Padahal, kedua belah pihak sebelumnya telah sepakat untuk bertemu secara langsung dan membahas konflik mereka, pada 11 Juli mendatang. Namun sebelum jadwal itu tiba, Ruben lebih dulu melayangkan gugatannya ke pengadilan.
Atas keputusan itu, Chris Sam Siwu mempertanyakan komitmen Ruben dan kuasa hukumnya dalam menyelesaikan konflik. “Kami sebenarnya kecewa. Seharusnya kan ketemu tanggal 11 Juli. Tapi ini belum terlaksana sudah mengajukan gugatan,” imbuhnya.
Chris mengaku, awalnya Sarwendah berharap persoalan hak asuh anak bisa dibicarakan secara kekeluargaan lewat pertemuan tersebut. Namun karena tiba-tiba kubu Ruben mengajukan gugatan, pihak Sarwendah merasa hal tersebut cukup membingungkan.
“Kami menghormati keputusan pihak RO sebenarnya. Tapi, menurut kami, ini lucu saja. Logikanya di mana? Ya, seharusnya kan kita duduk bareng dulu pada 11 Juli 2026. Tapi belum juga bertemu kok sudah ada gugatan saja?” tuturnya menambahkan.

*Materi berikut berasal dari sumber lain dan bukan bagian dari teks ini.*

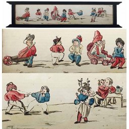 Superbe plaque de lanterne magique fin XVIII ème représentant différents personnages caricaturaux. 41.5 x 9.5 cm

Namun Chris Sam Siwu menegaskan, aksi Ruben melayangkan gugatan hak asuh anak tidak menjadikan komunikasi antara kedua belah pihak terputus. Ia mengatakan, masih ada kemungkinan pembahasan dilakukan saat sidang mediasi pada 15 Juli 2026.
Kekecewaan Sarwendah itu kemudian ditanggapi oleh Minola Sebayang selaku kuasa hukum Ruben Onsu. Lewat Instagram, dia menyindir sikap Sarwendah dan tim kuasa hukumnya yang dianggap plin-plan.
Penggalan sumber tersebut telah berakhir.